The relevant portion of § 52-592 reads as follows:

"(a) If an action, commenced within the time limited by law, has failed one or more times to be tried on its merits because of insufficient service or return of the writ due to unavoidable accident or the default or neglect of the officer to "whom it was committed, or because the action has been dismissed for want of jurisdiction, or the action has been otherwise avoided or defeated by the death of a party or for any matter of form. . . . the plaintiff. . . . may commence a new action. . . . for the same cause at any time within a year after the determination of the original action."

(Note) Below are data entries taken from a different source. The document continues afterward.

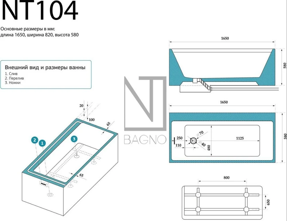Ванна NT 104 - это выигрышное сочетание простоты и утонченности, это отличный вариант, который обеспечит элегантность и функциональность в одной модели.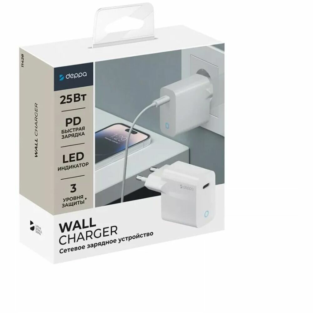 10 цен на Сетевое зарядное устройство Deppa Power Delivery 25W USB Type-C белый (11428)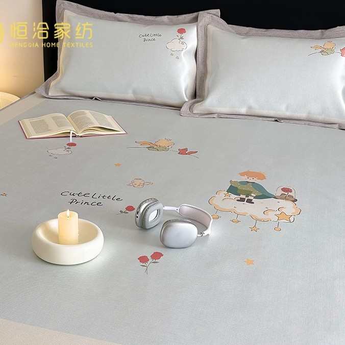 轻奢A类凉感印花冰丝养生席夏季空调席三件套1.8米2m床笠式凉席子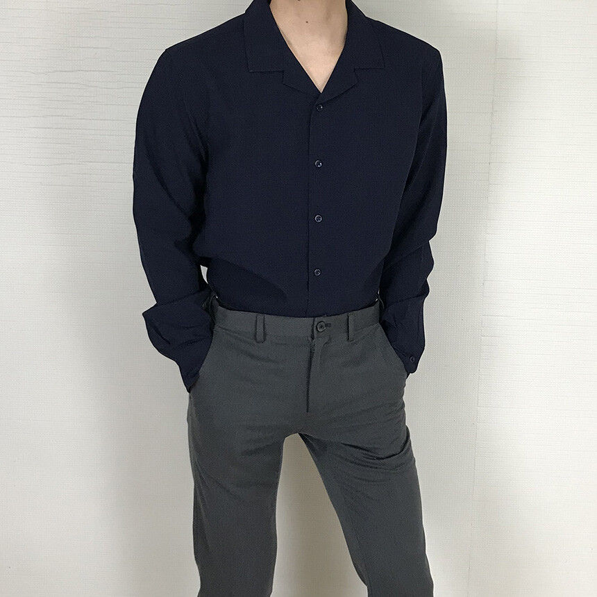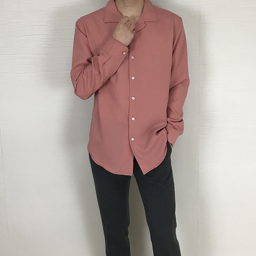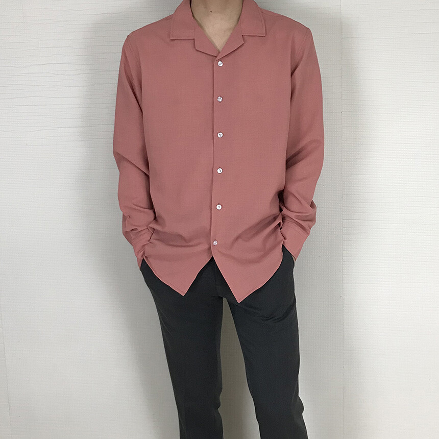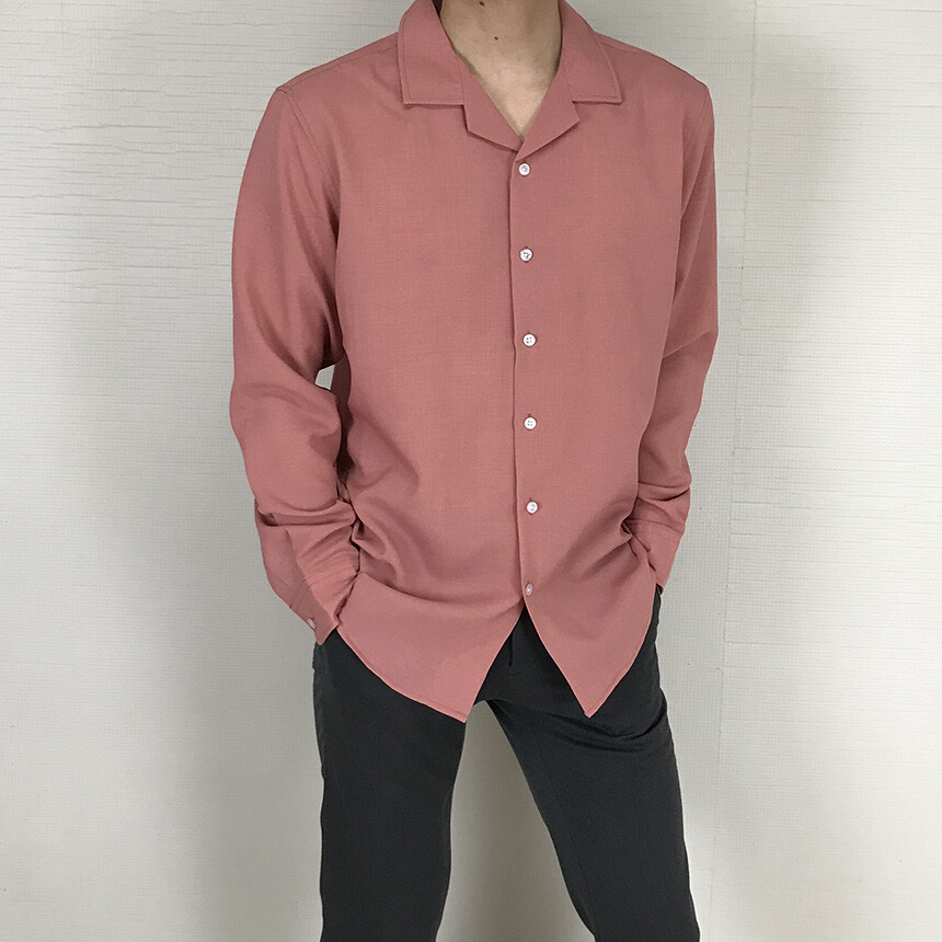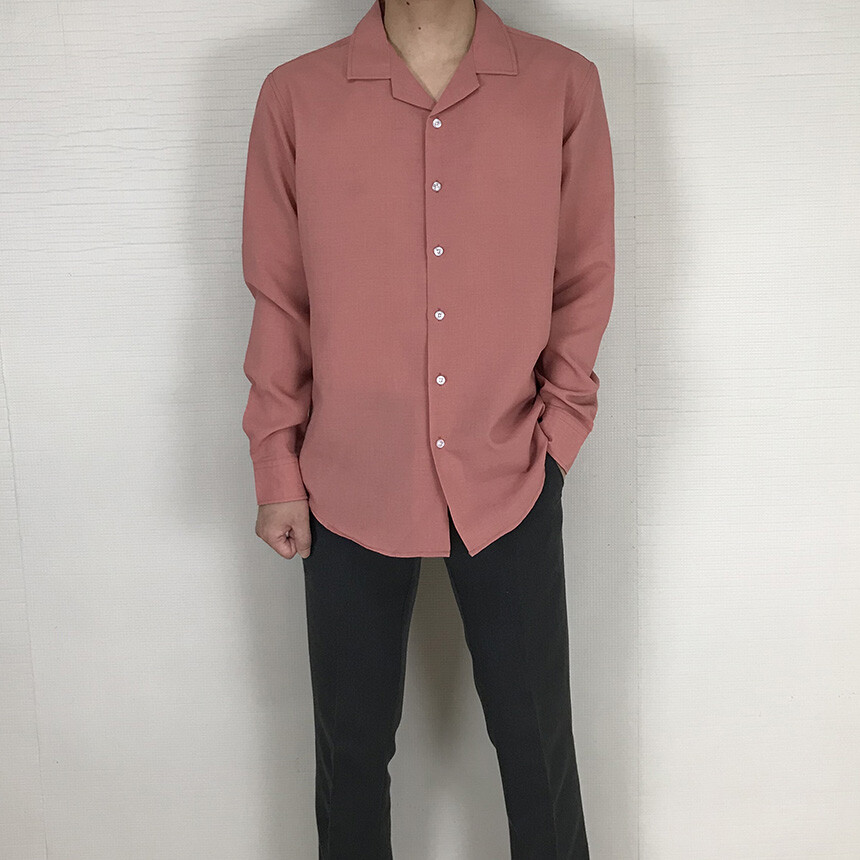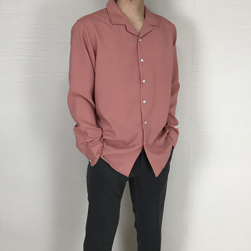 (spring) 세미오버핏 린넨 오픈카라 무지셔츠(3col) [0052]

The defendant has now filed a motion to dismiss claiming the court has no jurisdiction to hear this matter. The first set of arguments between the parties centered on the applicability of § 52-592. On the basis of what occurred here, it could certainly be argued that the statute applied. Isaac v. Mt. Sinai Hospital, 210 Conn. 721, 730 (1989) gave a broad meaning to the word "action" — the original suit did represent a demand of one's right in a court of law and the requirements of § 52-45a would, therefore, seem to be met since the "action" was "commenced" under § 52-45a by the service of process that was made. CT Page 5355 Also, the original action by these terms was commenced within the statutory time limit of two years (§ 52-584) for bringing a tort action; it was brought in September, 1999 on a June, 1998 tort. This action was brought within one year after Judge Hurley dismissed the first action in July of 2000.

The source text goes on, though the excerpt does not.